• **PROBLEM DETAILS**: Word for word, restate all the records; images are not part of the copy.

• **EXERCISE INPUTS**:

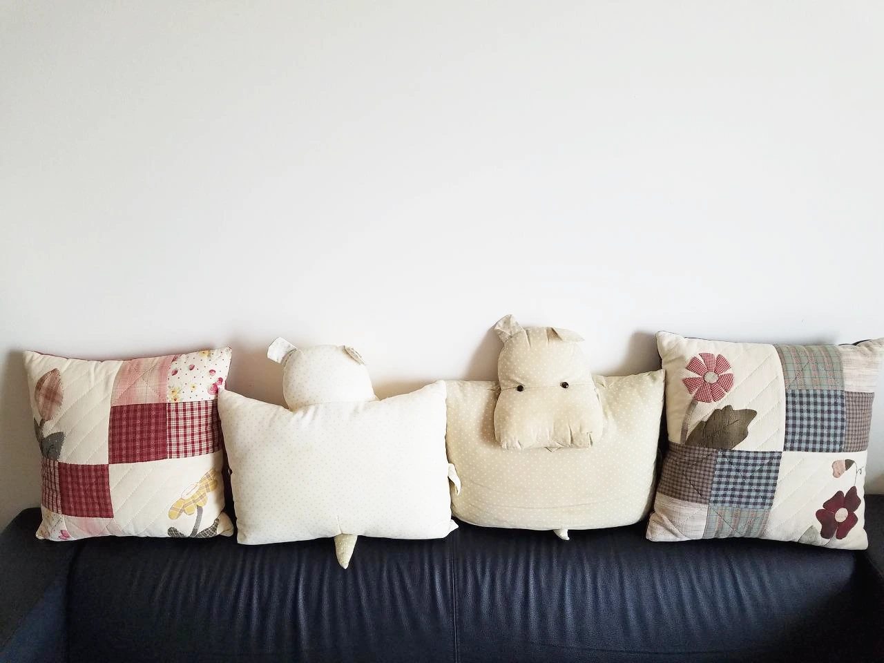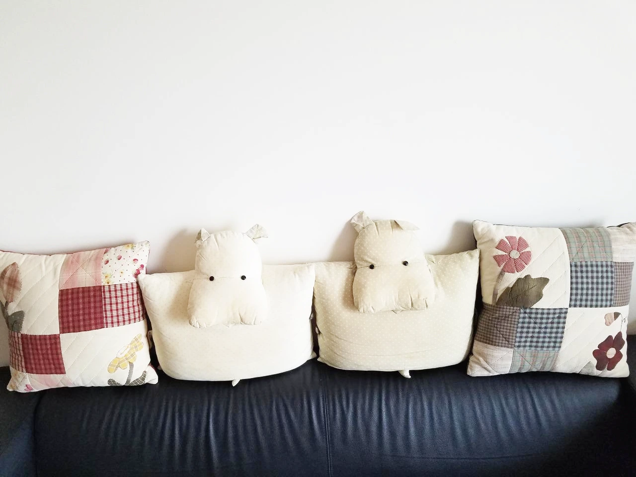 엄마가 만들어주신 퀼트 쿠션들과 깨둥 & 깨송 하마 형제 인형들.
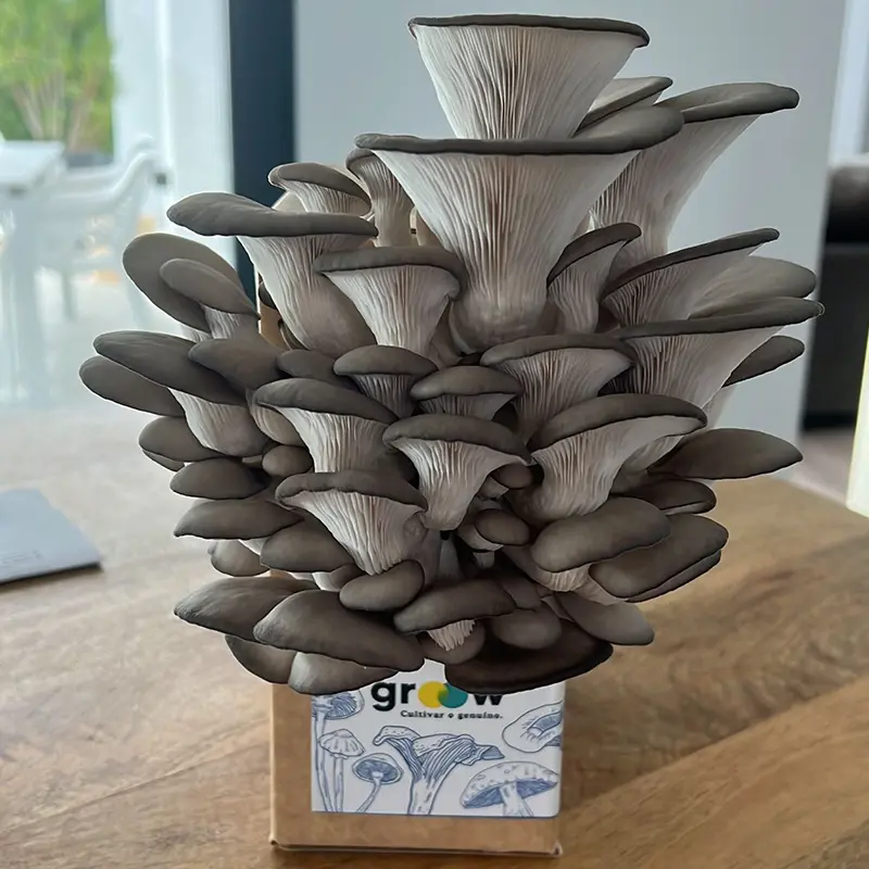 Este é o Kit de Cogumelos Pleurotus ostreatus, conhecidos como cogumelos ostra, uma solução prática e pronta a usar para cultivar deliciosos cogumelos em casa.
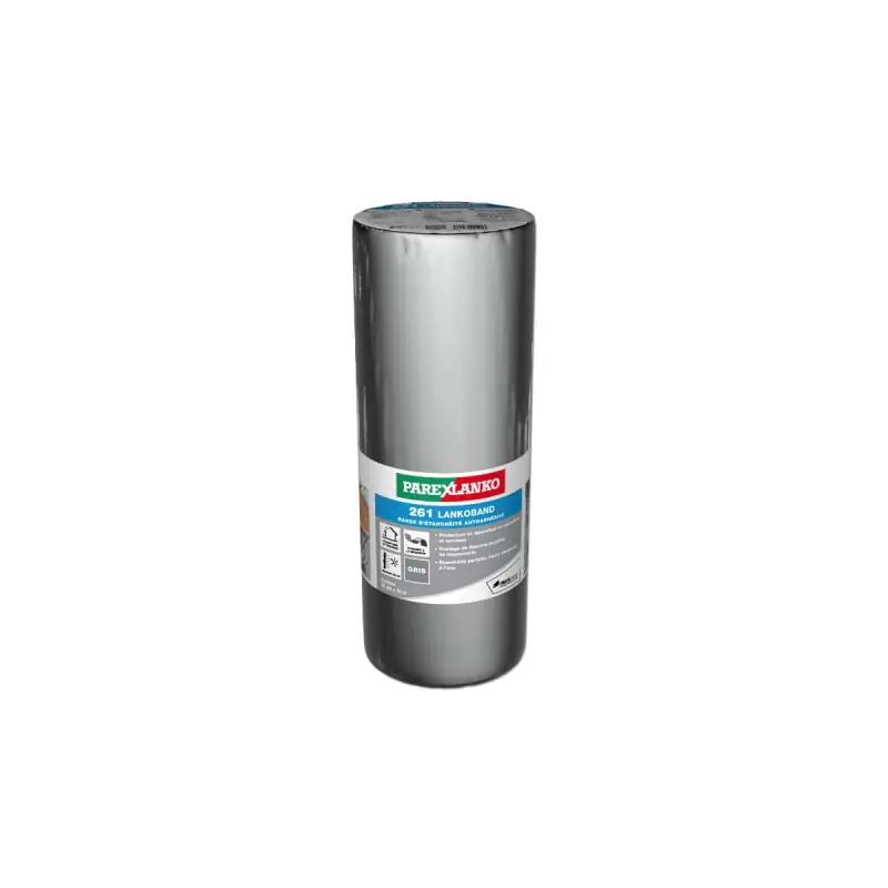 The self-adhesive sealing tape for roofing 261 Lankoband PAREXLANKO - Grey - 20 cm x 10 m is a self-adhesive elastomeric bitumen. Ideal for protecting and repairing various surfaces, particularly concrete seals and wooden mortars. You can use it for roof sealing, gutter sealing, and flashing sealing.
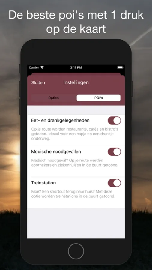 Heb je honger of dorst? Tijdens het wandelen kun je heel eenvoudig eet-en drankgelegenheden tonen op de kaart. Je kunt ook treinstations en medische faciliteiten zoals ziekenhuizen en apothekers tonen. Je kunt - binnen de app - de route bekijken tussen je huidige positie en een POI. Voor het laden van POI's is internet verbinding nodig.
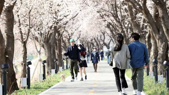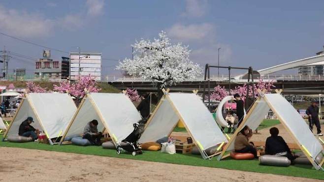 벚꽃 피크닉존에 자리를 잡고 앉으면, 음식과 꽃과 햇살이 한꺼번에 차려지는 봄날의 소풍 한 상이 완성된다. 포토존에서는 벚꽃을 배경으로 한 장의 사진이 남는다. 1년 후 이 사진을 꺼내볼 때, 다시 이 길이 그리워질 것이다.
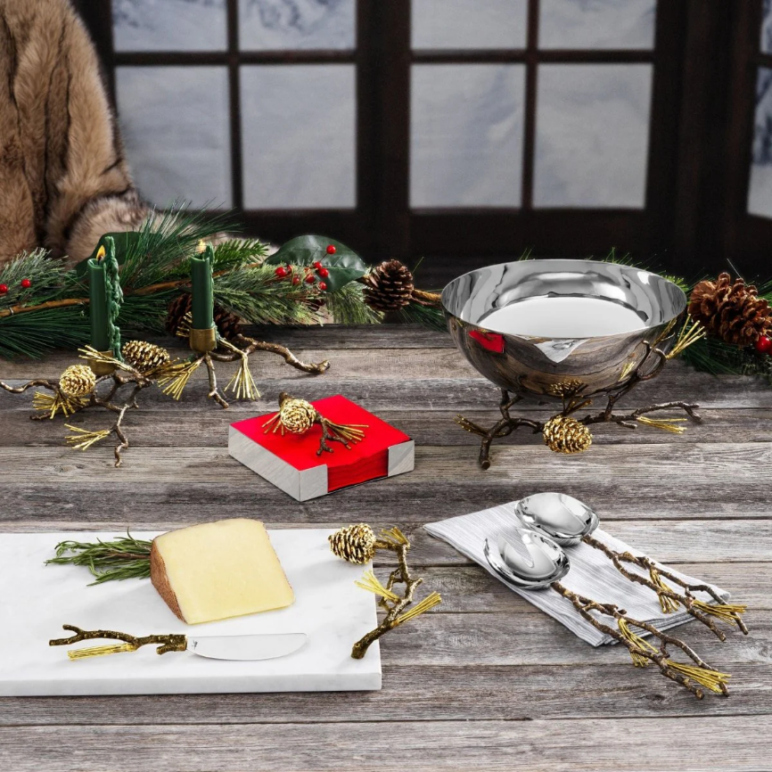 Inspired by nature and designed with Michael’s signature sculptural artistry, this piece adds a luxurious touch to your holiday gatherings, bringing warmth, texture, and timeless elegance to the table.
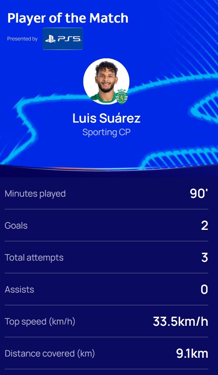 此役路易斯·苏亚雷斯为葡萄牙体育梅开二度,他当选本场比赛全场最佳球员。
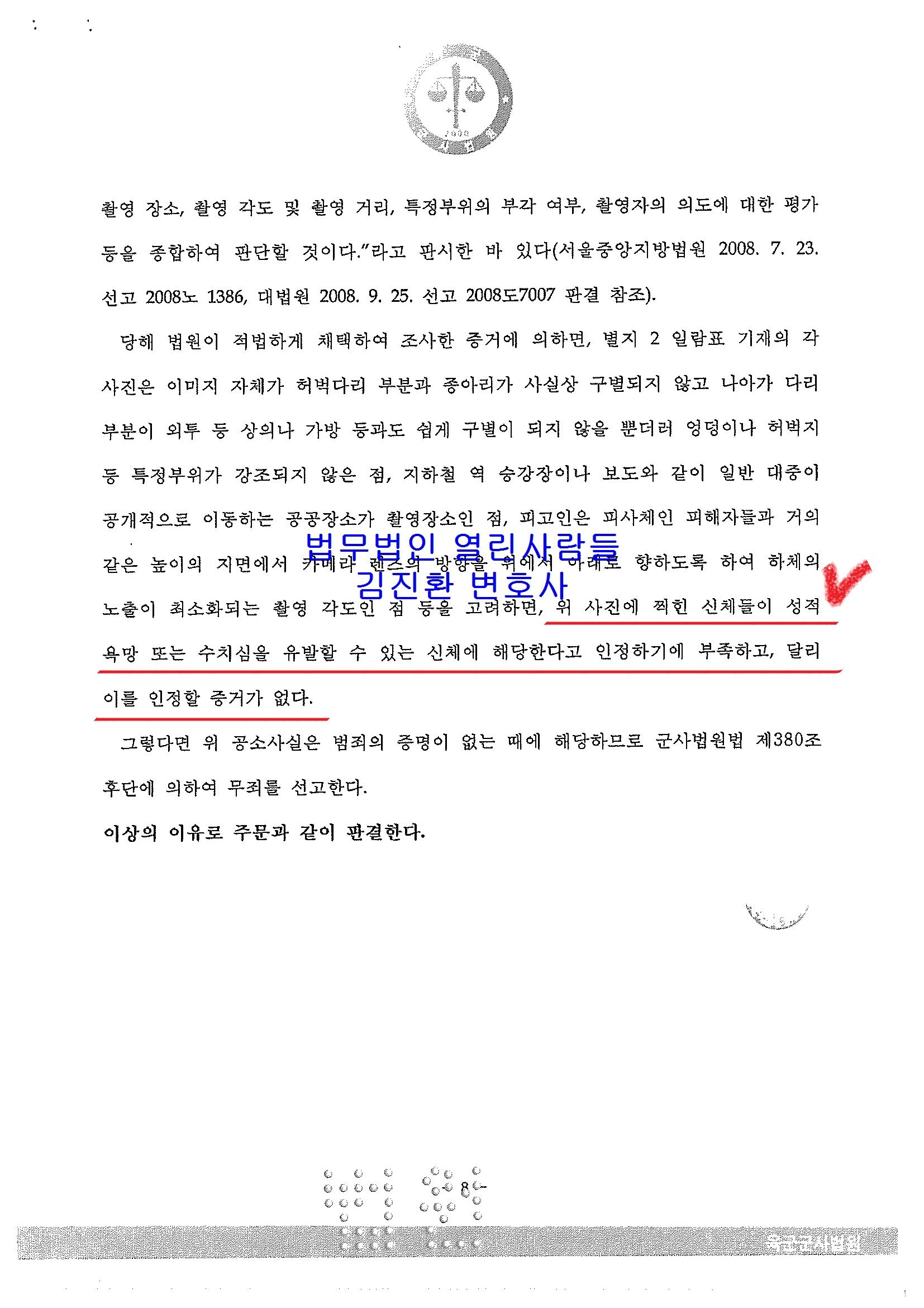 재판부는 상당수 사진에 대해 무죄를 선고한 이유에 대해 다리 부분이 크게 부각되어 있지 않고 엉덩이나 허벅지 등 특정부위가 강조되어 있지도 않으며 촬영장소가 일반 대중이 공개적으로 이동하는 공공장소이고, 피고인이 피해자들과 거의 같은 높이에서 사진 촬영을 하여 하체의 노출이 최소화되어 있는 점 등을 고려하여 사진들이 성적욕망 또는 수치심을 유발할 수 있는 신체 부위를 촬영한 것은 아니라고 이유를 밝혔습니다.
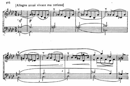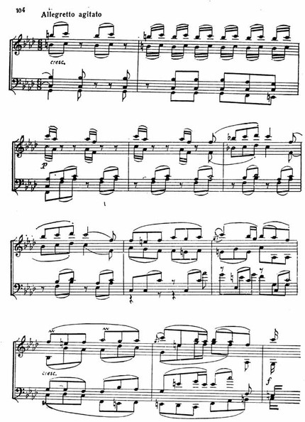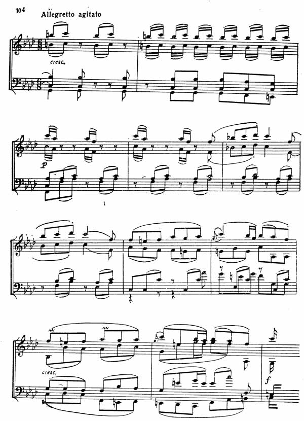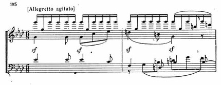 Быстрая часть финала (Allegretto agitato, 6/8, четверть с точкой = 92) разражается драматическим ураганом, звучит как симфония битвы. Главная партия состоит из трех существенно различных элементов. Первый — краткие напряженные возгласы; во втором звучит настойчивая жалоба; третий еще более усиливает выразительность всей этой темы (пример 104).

• **SOLVED PROBLEM**:
 엄마가 만들어주신 퀼트 쿠션들과 깨둥 & 깨송 하마 형제 인형들.
 Este é o Kit de Cogumelos Pleurotus ostreatus, conhecidos como cogumelos ostra, uma solução prática e pronta a usar para cultivar deliciosos cogumelos em casa.
 The self-adhesive sealing tape for roofing 261 Lankoband PAREXLANKO - Grey - 20 cm x 10 m is a self-adhesive elastomeric bitumen. Ideal for protecting and repairing various surfaces, particularly concrete seals and wooden mortars. You can use it for roof sealing, gutter sealing, and flashing sealing.
 Heb je honger of dorst? Tijdens het wandelen kun je heel eenvoudig eet-en drankgelegenheden tonen op de kaart. Je kunt ook treinstations en medische faciliteiten zoals ziekenhuizen en apothekers tonen. Je kunt - binnen de app - de route bekijken tussen je huidige positie en een POI. Voor het laden van POI's is internet verbinding nodig.
 벚꽃 피크닉존에 자리를 잡고 앉으면, 음식과 꽃과 햇살이 한꺼번에 차려지는 봄날의 소풍 한 상이 완성된다. 포토존에서는 벚꽃을 배경으로 한 장의 사진이 남는다. 1년 후 이 사진을 꺼내볼 때, 다시 이 길이 그리워질 것이다.
 Inspired by nature and designed with Michael’s signature sculptural artistry, this piece adds a luxurious touch to your holiday gatherings, bringing warmth, texture, and timeless elegance to the table.
 此役路易斯·苏亚雷斯为葡萄牙体育梅开二度,他当选本场比赛全场最佳球员。
 재판부는 상당수 사진에 대해 무죄를 선고한 이유에 대해 다리 부분이 크게 부각되어 있지 않고 엉덩이나 허벅지 등 특정부위가 강조되어 있지도 않으며 촬영장소가 일반 대중이 공개적으로 이동하는 공공장소이고, 피고인이 피해자들과 거의 같은 높이에서 사진 촬영을 하여 하체의 노출이 최소화되어 있는 점 등을 고려하여 사진들이 성적욕망 또는 수치심을 유발할 수 있는 신체 부위를 촬영한 것은 아니라고 이유를 밝혔습니다.
 Быстрая часть финала (Allegretto agitato, 6/8, четверть с точкой = 92) разражается драматическим ураганом, звучит как симфония битвы. Главная партия состоит из трех существенно различных элементов. Первый — краткие напряженные возгласы; во втором звучит настойчивая жалоба; третий еще более усиливает выразительность всей этой темы (пример 104).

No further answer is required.